Records contained in a dataset
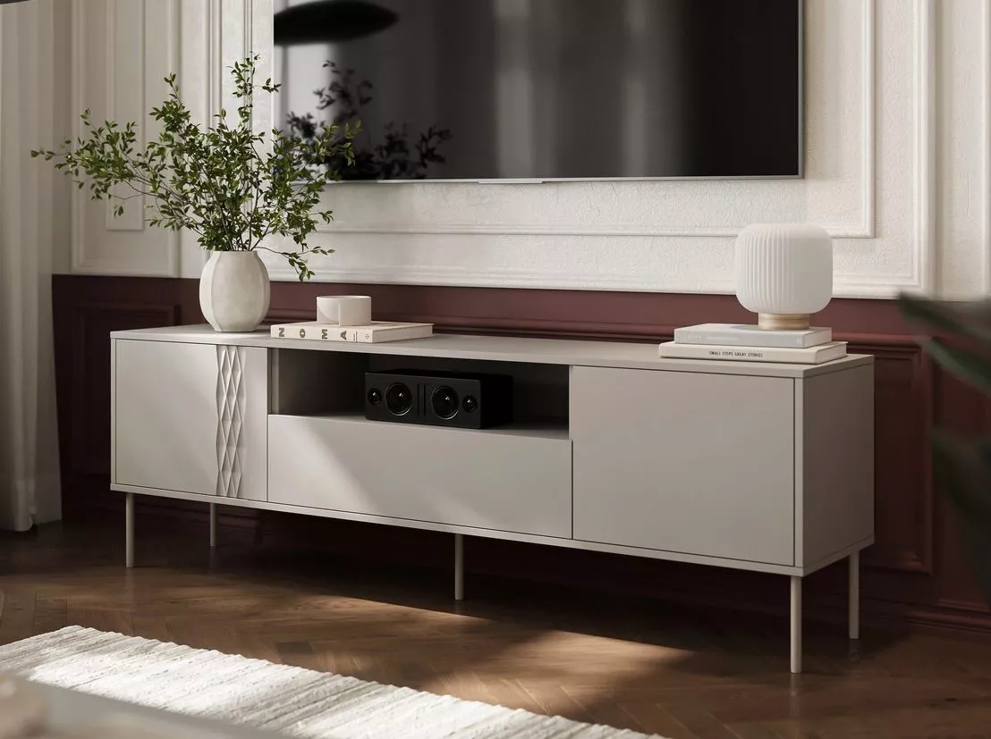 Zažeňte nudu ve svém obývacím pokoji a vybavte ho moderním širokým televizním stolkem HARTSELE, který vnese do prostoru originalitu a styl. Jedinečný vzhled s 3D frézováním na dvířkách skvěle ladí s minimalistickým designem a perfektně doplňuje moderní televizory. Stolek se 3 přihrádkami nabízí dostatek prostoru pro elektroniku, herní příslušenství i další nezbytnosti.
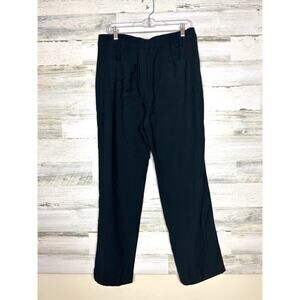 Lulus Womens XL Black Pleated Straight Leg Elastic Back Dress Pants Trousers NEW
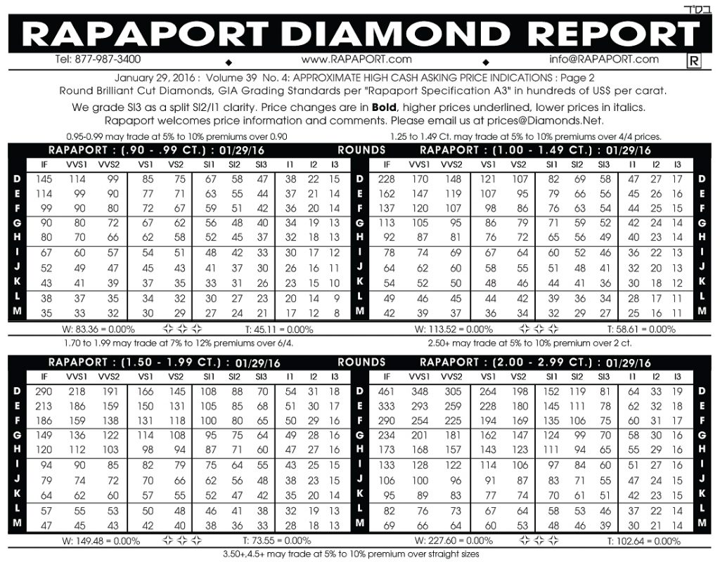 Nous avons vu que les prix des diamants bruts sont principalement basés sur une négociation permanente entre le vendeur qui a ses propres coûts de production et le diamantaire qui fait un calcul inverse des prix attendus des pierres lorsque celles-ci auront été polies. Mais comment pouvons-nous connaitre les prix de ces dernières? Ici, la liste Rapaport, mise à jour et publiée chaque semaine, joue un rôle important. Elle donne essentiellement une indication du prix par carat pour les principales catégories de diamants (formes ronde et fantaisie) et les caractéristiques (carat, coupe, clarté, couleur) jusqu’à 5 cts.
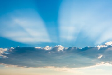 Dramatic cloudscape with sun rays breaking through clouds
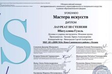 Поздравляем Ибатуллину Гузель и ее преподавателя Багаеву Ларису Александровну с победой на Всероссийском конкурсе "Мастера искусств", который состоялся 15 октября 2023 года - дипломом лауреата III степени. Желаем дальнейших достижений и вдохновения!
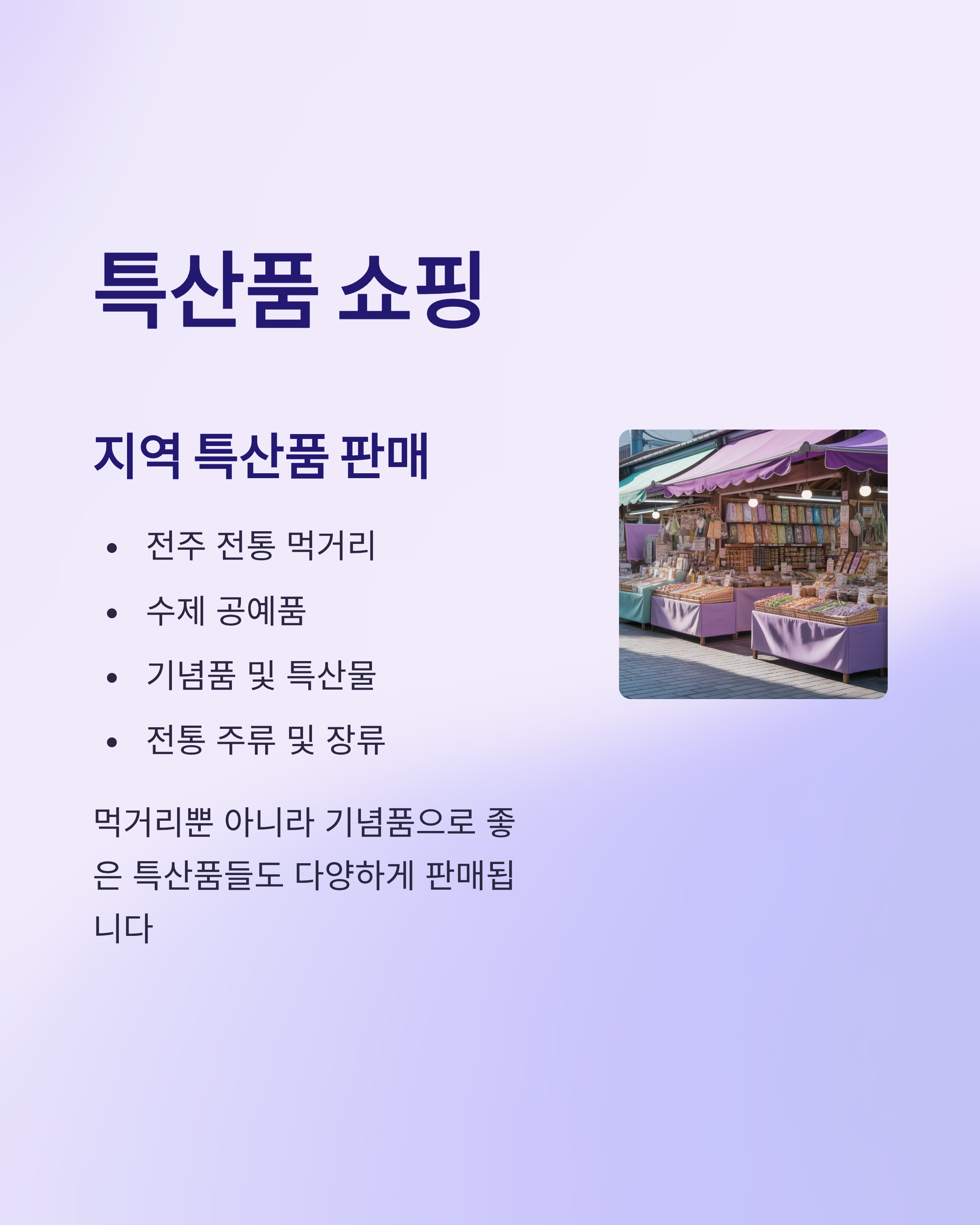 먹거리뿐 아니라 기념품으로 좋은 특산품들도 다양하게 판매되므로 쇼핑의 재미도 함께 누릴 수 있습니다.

## DIRECTIONS
Could you copy the lines above exactly and skip the images?

## ANSWER
 Zažeňte nudu ve svém obývacím pokoji a vybavte ho moderním širokým televizním stolkem HARTSELE, který vnese do prostoru originalitu a styl. Jedinečný vzhled s 3D frézováním na dvířkách skvěle ladí s minimalistickým designem a perfektně doplňuje moderní televizory. Stolek se 3 přihrádkami nabízí dostatek prostoru pro elektroniku, herní příslušenství i další nezbytnosti.
 Lulus Womens XL Black Pleated Straight Leg Elastic Back Dress Pants Trousers NEW
 Nous avons vu que les prix des diamants bruts sont principalement basés sur une négociation permanente entre le vendeur qui a ses propres coûts de production et le diamantaire qui fait un calcul inverse des prix attendus des pierres lorsque celles-ci auront été polies. Mais comment pouvons-nous connaitre les prix de ces dernières? Ici, la liste Rapaport, mise à jour et publiée chaque semaine, joue un rôle important. Elle donne essentiellement une indication du prix par carat pour les principales catégories de diamants (formes ronde et fantaisie) et les caractéristiques (carat, coupe, clarté, couleur) jusqu’à 5 cts.
 Dramatic cloudscape with sun rays breaking through clouds
 Поздравляем Ибатуллину Гузель и ее преподавателя Багаеву Ларису Александровну с победой на Всероссийском конкурсе "Мастера искусств", который состоялся 15 октября 2023 года - дипломом лауреата III степени. Желаем дальнейших достижений и вдохновения!
 먹거리뿐 아니라 기념품으로 좋은 특산품들도 다양하게 판매되므로 쇼핑의 재미도 함께 누릴 수 있습니다.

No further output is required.